Isto a propósito da nossa identificação com o chão que pisamos. Que não é todo igual e tem a sua linguagem própria. Já escrevemos isto e não nos importamos de nos repetirmos: o nosso padrinho foi um iluminado quando na pia do baptismo nos deu o nome  de Pedro - rocha; rochedo; penedo; lapa. Granito duro, rijo. E sentimos que temos esta aspereza. E firmeza. E força e solidez da rocha nas nossas ideias. E neste chão granítico nos movemos, respiramos e nos alimentamos. Do corpo ao Espírito somos do cosmos. Logo, de Deus. E somos, de arrasto, água, terra, ar e fogo.
Como sempre leitor amigo, derivamos do tema que nos traz até junto de si. Mas não fugimos da essência dele: A Senhora da Lapa, está no pináculo da serra. Cheio de lapas. Enormes e extensos penedos a brotar do chão onde a rocha impera de modo imponente. Ajoelhada aos pés de três cruzes de um calvário erguido na solidão, numa reverência de súplica ao céu e adoração a Deus.
Foi preciso ir-se tão longe para se sentir este apelo telúrico?... Não. Já na nossa juventude foi a montanha do Sameiro, no que ela tem de granítico e de oração.  Com a Falperra ao lado. Foi, depois, a serra da Freita do cimo da Senhora da Mó e do planalto da Senhora da Lage com as suas as escarpas rochosas como hall de entrada. Foi a montanha de S.  Bento a explodir de tanta penedia numa tão bela arquitectura de silêncio monacal, aqui sobre nós. E foi o santuário da Senhora da Lapa. Cada um destes locais com o seu carisma próprio. A mão forma-se na união dos seus cinco dedos todos diferentes e todos à volta da sua “palma”. Numa família, de filhos dos mesmos pais, todos eles são iguais na sua natureza mas diferentes na sua individualidade. Nós, como “rocha” que somos, nesta nossa estrutura de FÉ, nestes espaços nos sentimos unido e nos movemos e o seu pneuma respiramos. E neles, na voz do silêncio, o Espírito nos interpela. De modo especial, em sítios assim, o Espírito quase se materializa e nele nos plasmamos. E o silêncio sabe-nos a sinfonia de anjos por entre as nuvens do espaço. E fica-nos a dúvida: se fomos nós que se tornou Espírito, ou se foi o Espírito que encarnou em nós.

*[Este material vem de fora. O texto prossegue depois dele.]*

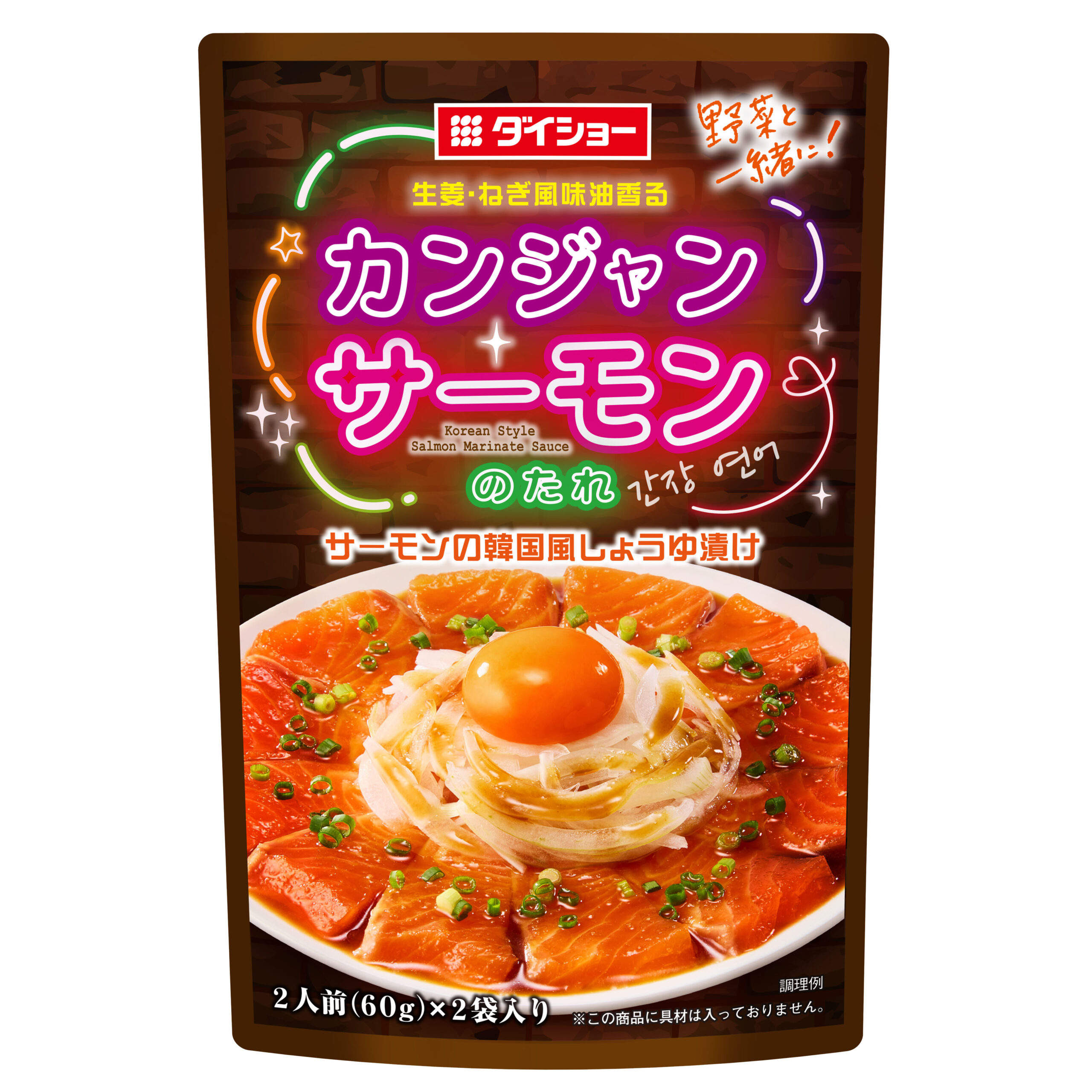 しょうゆに生姜の香りと魚醤のコクを効かせ、にんにく・ねぎ風味油・青唐辛子で風味よく仕上げました。 サーモンを漬け込むだけで、簡単にサーモンの韓国風しょうゆ漬けをお楽しみいただけます。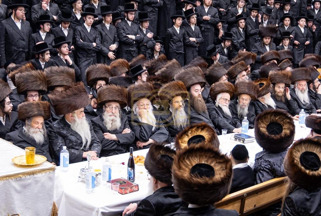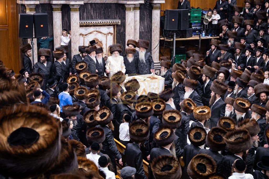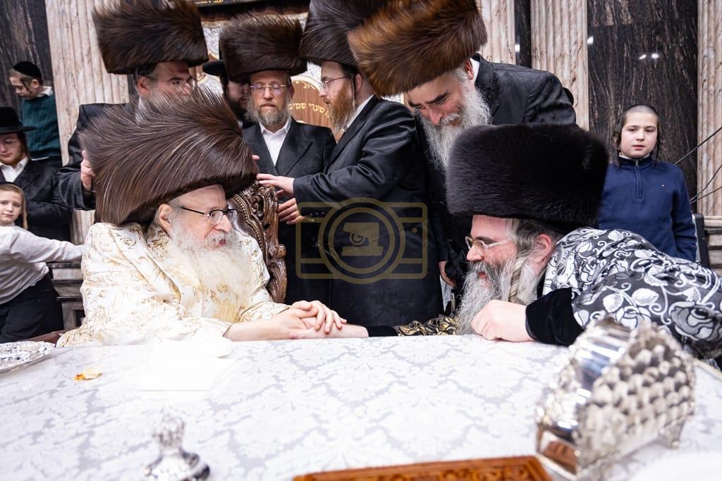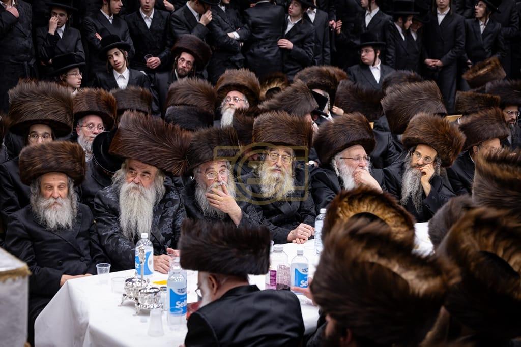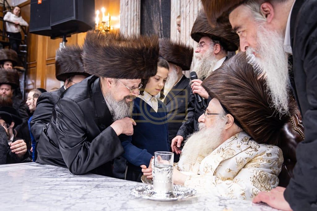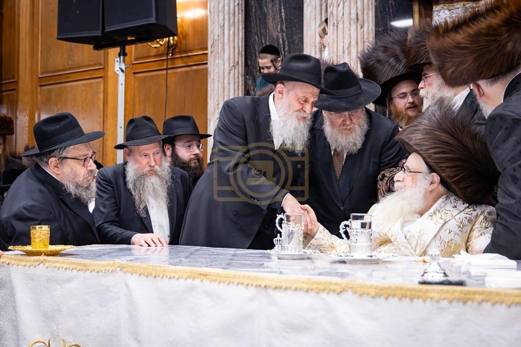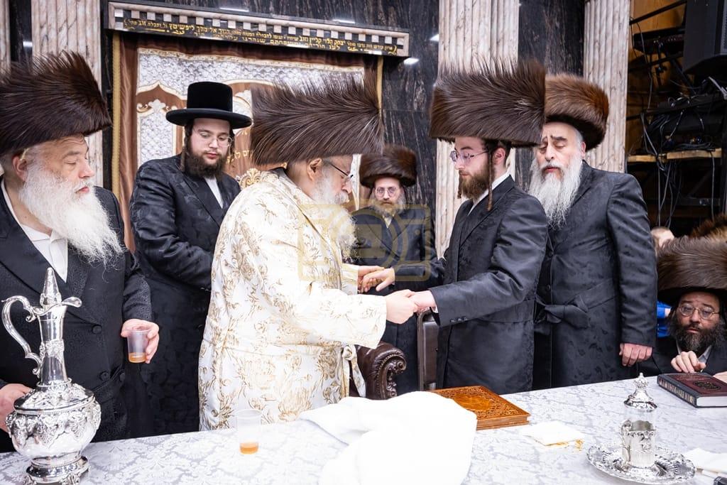 - דב''ק ביים סעודת ברית פון נכד רבינו בן הנולד אצל הרב הערשל מייזליש שליט"א בן חדב"ן הגה"צ רב דביהמ''ד ישמח משה שליט"א, פארגעקומען בהיכל המתיבתא סניף קדושת יואל. | 🌴 בצל הקודש סאטמאר 🌴

Amigo leitor, isto foi quase um introito ao que iremos partilhar consigo sobre a serra da Lapa e o santuário à Sua Senhora. Mas não iremos preocupar-nos com a carcaça do sardão ou crocodilo que, entretanto, do Santuário foi transferida para o museu. Para nós, todos os locais referidos são locais privilegiados para se ouvir a mensagem de Deus. E quando já no regresso, ficou-nos a certeza de que, lá, Deus precisava de falar connosco.